On Tue, 2016-03-22 at 07:45 -0400, John Ferlan wrote:
On 03/17/2016 01:24 PM, Andrea Bolognani wrote:
>
> Unmanaged devices are attached to guests in two steps: first,
> the device is detached from the host and marked as inactive;
> subsequently, it is marked as active and attached to the guest.
>
> If the daemon is restarted between these two operations, we lose
> track of the inactive device.
>
> Steps 5 and 6 of virHostdevPreparePCIDevices() already subtly
> take care of this situation, but some planned changes will make
> it so that's no longer the case. Plus, explicit is always better
> than implicit.
> ---
> src/util/virhostdev.c | 47 ++++++++++++++++++++++++++++++++++++++++++++---
> 1 file changed, 44 insertions(+), 3 deletions(-)
>
> diff --git a/src/util/virhostdev.c b/src/util/virhostdev.c
> index e0d6465..7204bd7 100644
> --- a/src/util/virhostdev.c
> +++ b/src/util/virhostdev.c
> @@ -560,7 +560,8 @@ virHostdevPreparePCIDevices(virHostdevManagerPtr mgr,
> }
> }
>
> - /* Step 2: detach managed devices (i.e. bind to appropriate stub driver) */
> + /* Step 2: detach managed devices and make sure unmanaged devices
> + * have already been taken care of */
> for (i = 0; i < virPCIDeviceListCount(pcidevs); i++) {
> virPCIDevicePtr pci = virPCIDeviceListGet(pcidevs, i);
>
> @@ -577,8 +578,48 @@ virHostdevPreparePCIDevices(virHostdevManagerPtr mgr,
> mgr->inactivePCIHostdevs) < 0)
> goto reattachdevs;
> } else {
> - VIR_DEBUG("Not detaching unmanaged PCI device %s",
> - virPCIDeviceGetName(pci));
> + char *driverPath;
> + char *driverName;
> + int stub;
stub = -1;
May not be needed, see below.
> +
> + /* Unmanaged devices should already have been marked as
> + * inactive: if that's the case, we can simply move on */
> + if (virPCIDeviceListFind(mgr->inactivePCIHostdevs, pci)) {
> + VIR_DEBUG("Not detaching unmanaged PCI device %s",
> + virPCIDeviceGetName(pci));
> + continue;
> + }
> +
> + /* If that's not the case, though, it might be because the
> + * daemon has been restarted, causing us to lose track of the
> + * device. Try and recover by marking the device as inactive
> + * if it happens to be bound to a known stub driver.
> + *
Just to make it clearer (for me) - this is because using the node device
API virHostdevPCINodeDeviceDetach it's possible that somewhere between
virPCIDeviceBindToStub and the virPCIDeviceListAddCopy we had a daemon
restart causing us to lose track of the device, so this code tries to
detect that the BindToStub was done and complete the task.

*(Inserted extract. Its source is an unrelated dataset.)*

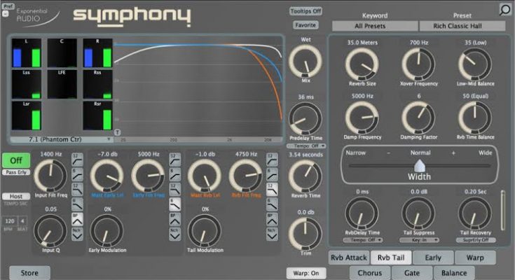 Symphony is the pinnacle of Exponential Audio reverb processing. This character reverb mechanism is a complete solution for creating unique, exciting spatial effects for multi-channel music or post-projects. Thanks to independent parameter modules for attack, early reflections and the tail of your reverb signal, as well as separate balance controls, creative modulation and dynamics effects, Symphony allows you to get the most out of your mix reverb. Try the symphony and hear for yourself!

Of course it's also possible that BindToStub was "in process" when we
failed, but I'm not sure *how* to detect that... I suppose though all
that matters is we had a completed BindToStub.
Mh, not really what I had in mind :)
What this code is meant to take care of is the case when
virHostdevPCINodeDeviceDetach() completes successfully, marking
the device as inactive, but the daemon is restarted before the
device can be attached to a guest. That causes us to lose all
information in the inactive list.
The current code copes with this because step 5 adds the device
to the active list (even if it was never in the inactive list)

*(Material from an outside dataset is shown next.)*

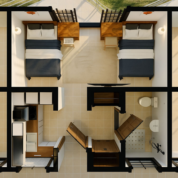 These architectural designs bring our vision to life — combining modern aesthetics with practical layouts and shared amenities that enrich student living. Each rendering reflects our commitment to creating safe, vibrant, and self-sustaining hostels where students can thrive academically and socially.

and step 6 removes the device from the inactive list (even if
it was never in the inactive list), but that's extremely opaque
and most importantly will stop working once we start moving
device objects from one list to the other instead of copying
them around.
The new code deals with the situation explicitly by adding
devices to the inactive list if they look like they belong
there - namely, they are bound to a stub driver.
As noted in the comment right below, this is sub-optimal and a
follow-up patch should take care of storing both the active and
inactive list to disk properly so that daemon restarts are no
longer a problem. That's for another day, though :)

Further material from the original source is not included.